Please find below a new translation from George Buchanan‘s collection of Icones (which I will here render Word-Pictures) found in the second book of his Epigrammata (Epigrams).

Buchanan’s poem consists of two elegiac couplets, which I have rendered in three English couplets consisting of alternating iambic pentameters and iambic tetrameters.

This first Icon is about Saturn and is spoken in propria persona–that is, Saturn is the poem’s “I.” In this epigram, Buchanan draws on the myth of a paradisiacal golden age on earth during the heavenly reign of Saturn or Kronos that is found already in one of the earliest surviving Greek poems, Hesiod’s Works and Days. The golden age myth forms part of a narrative of decline through successive ages of human history: men originally lived in non-acquisitive peace with one another, until the discovery of gold put an end to the golden age and inaugurated an unabated (almost—the heroic age is a partial exception) descent into more and more vice, reaching right down to the present age.

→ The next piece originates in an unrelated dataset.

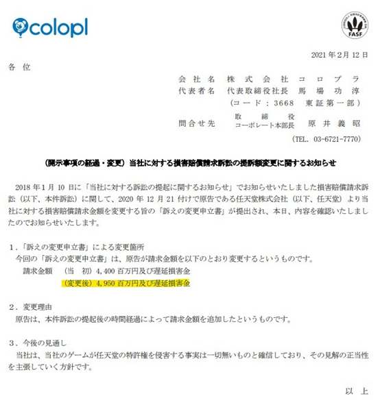 COLOPL的手機遊戲《白貓PROJECT》從2018年開始便被任天堂以玩法與專利侵權等五種理由進行產權訴訟,在今年2月已經從44億提高至49億5千萬日圓,而這段時間任天堂認為訴訟時期過長,法務部又重新評斷賠償合理性,本次將賠償金提高至96億9900萬日元,幾乎翻倍,且訴訟延遲賠償金還要另外計算,目前在4月13日提出變更申請書。
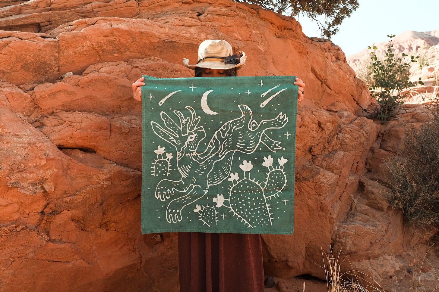 The process is slow, detailed, and very hands on from sketching the designs to laying down the resist, hand dyeing and finishing. Even if I repeat a motif, every piece turns out a little different, which is kind of the magic of it. Some colors react with the fabric in unexpected ways, and part of the process is just letting go and seeing what happens.

I give the Latin text as found in his 1725 Opera omnia, Tomus secundus, pars prima, 386. Hope you enjoy it.

In Latin:

I. Saturnus.

Aurea secla olim me pauperere rege fuerunt:

    lis, vis, fraus aberant, omnia pacis erant.

At nunc iustitiam mentita iniuria dives,

    lis, vis, fraus, auri secula nuda premunt.

And in English:

1. Saturn

When I was king, though poor, the days and nights

    Were all of gold: no violence or fraud

Disrupted peace, no penny-ante fights.

    But now injustice (that rich, lying bawd),

With violence, fraud, penny-ante fights,

    Debases goldless days and nights.